[Bards] "Vivat Ghastly Malapropism!"
wolfpaws at mac.com
Wed Jun 13 04:12:46 PDT 2007
>> I am a little confused. Vivat Rex is OK being in the same language
>> but Vivat King would be wrong?
> That's half of it, yes. "Vivat Rex" is a well-formed Latin sentence.
> "Vivat King" is not proper Latin or proper English or proper
> anything else.
Hmm. I'm sure that usage on formal occasions would use language that
was more formal (although I've not done any research on that
subject.) But a wrinkle on that would be-- that mixing Latin and a
vernacular language together was a widespread practice in songs and
literature. Occasionally you even have someone sticking Latin
declension endings onto English words. And almost every manuscript
I've seen written in English has at least a few words of Latin tucked
in here and there, even if it's just the instructions to the book
The Carmina Burena is chock full of bi-lingual pieces (they call them
"macaronic poetry.") Harley 913 (the one I'm working with for my
thesis) is also chock full of macaronic songs. They often are not
printed in editions of the manuscript though because while educated
people in 14th century England were TRI-lingual (Latin, Norman
French, and English), modern English speakers are not. So there is
much less market for works that have more than one language used, so
they tend to be omitted from collections, while their more homogenous
cousins (like Summer is a Comin' In) get reprinted.

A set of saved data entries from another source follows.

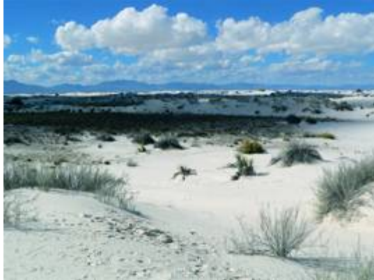
These are real clouds

Geo-engineering is defined as the large-scale manipulation of the earth's environment to suit human needs and "promote habitability." Once a controversial field, scientists around the world are now recruited and paid to develop methods of geo-interference to affect our climate and topography in the effort to mitigate the current "global warming crisis." Popular belief has it that our planet needs to be cooled because the CO 2 we have so carelessly created by burning fossil fuels is warming the planet and destroying the protective layer of ozone above us. We must deflect that hot sunlight away from us!
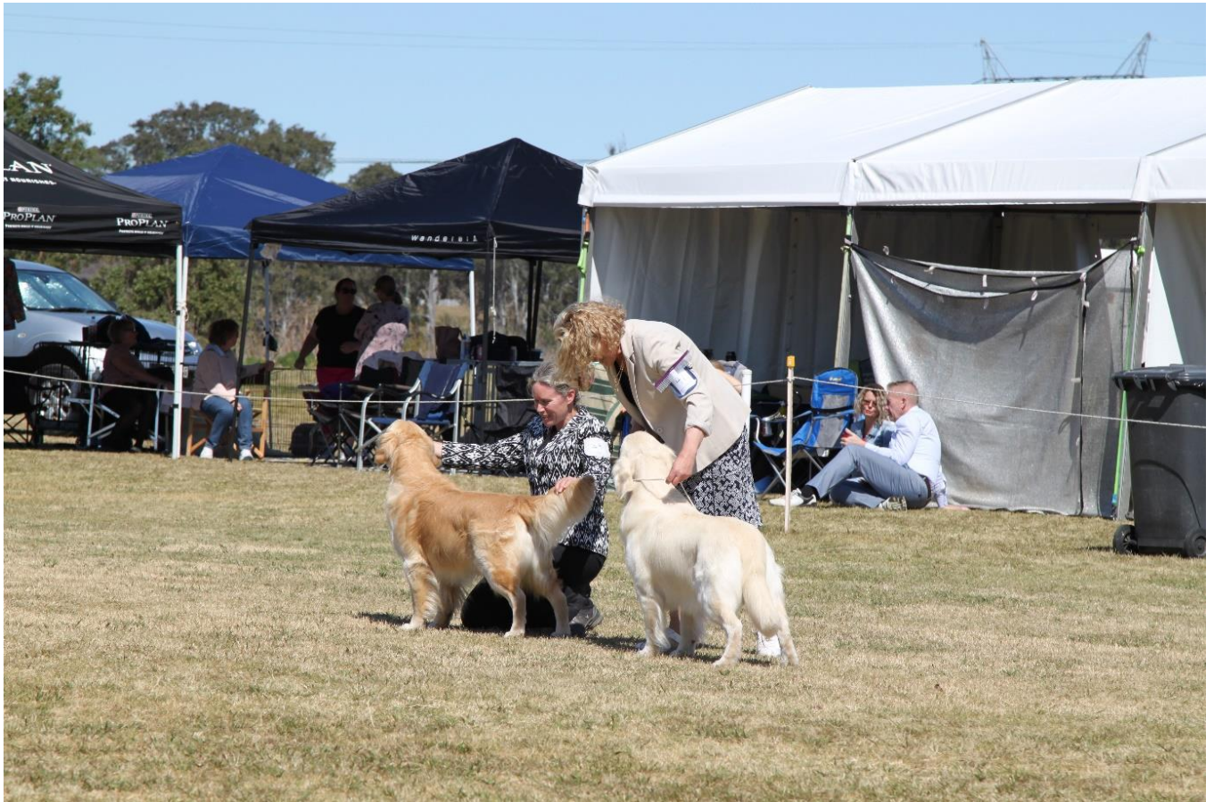
Photo L/R Ch Giltedge Do You Like Apples (AI), Gr Ch Fantango Playing The Game (AI)

These two Open dogs were stunners and handled to perfection.
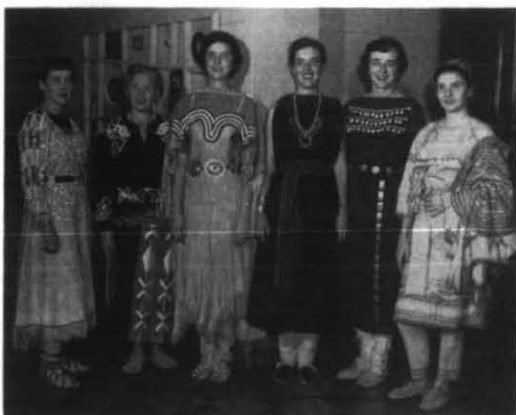
PI PHI MODELS. These authentic Indian clothes were worn at the Dallas Museum of Fine Arts in a preview of the Indian Fashion Show which featured the Dallas State Fair.
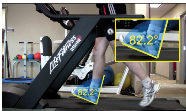
Figure 2: Same runner as in figure one with increased dorsiflexion and heel strike landing pattern as is common in shod running gait.
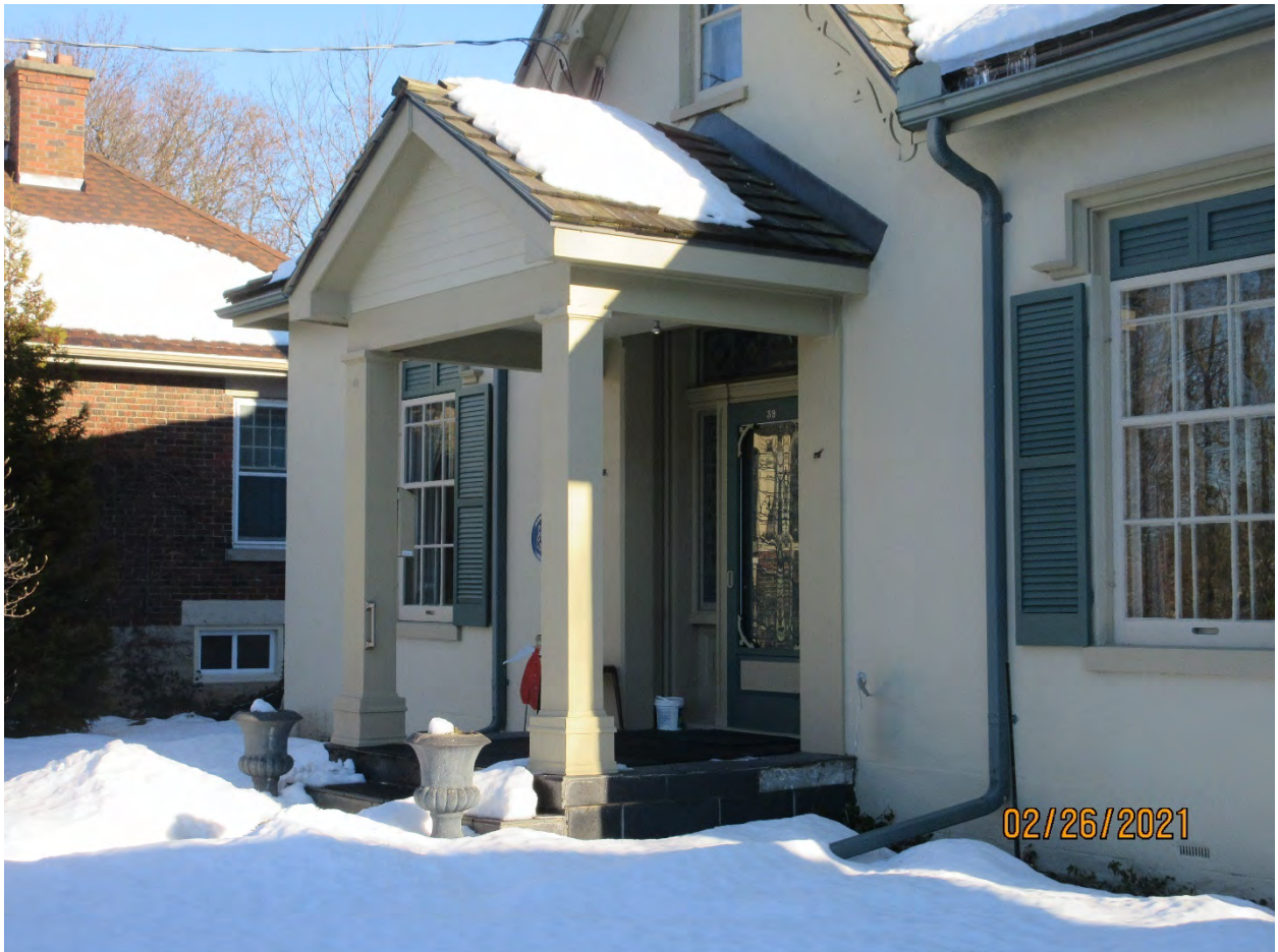
Image 14: Photograph showing the simple form of the painted wood porch over the front doorway, which fails to detract from the original structure, with a cedar shingle gable roof, supported by a plain frieze and boxed piers with simple capital and base details.
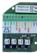
MxIOBoard-IC for signal input/output (accessories)
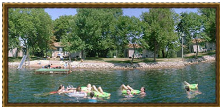
Big McDonald Resort, Dent, MN
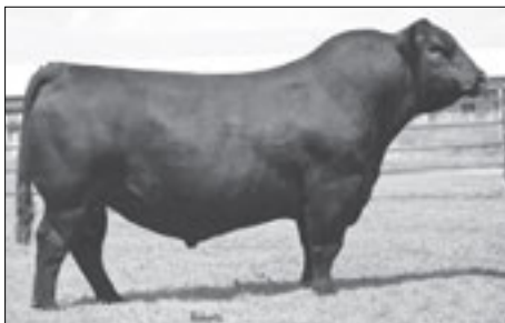
MAR INNOVATION 251 - Reference Sire I.

A piece everyone might be familiar with is The Agincourt Carol, which
mixes lines of Latin and English. (Although in a very tidy way,
rather than making it into doggerel.) It is thought that the carol
was possibly sung in secular processions for Henry V.
Owre kynge went forth to Normandy,
With grace and myyt of chivalry;
The God for hym wrouyt marvelously,
Wherefore Englonde may calle, and cry
Deo gratias Anglia redde pro victoria.
Anyway, all that to say that our modern sensibilities are often more
tender about things like that than a medieval person's would have
been. Mixing languages in the same sentence is complete and utter
doggerel in the modern world, but without looking closer at Medieval
texts, I'd be hard pressed to assert that it was never done in period.
My, what interesting discussions there have been on the list lately!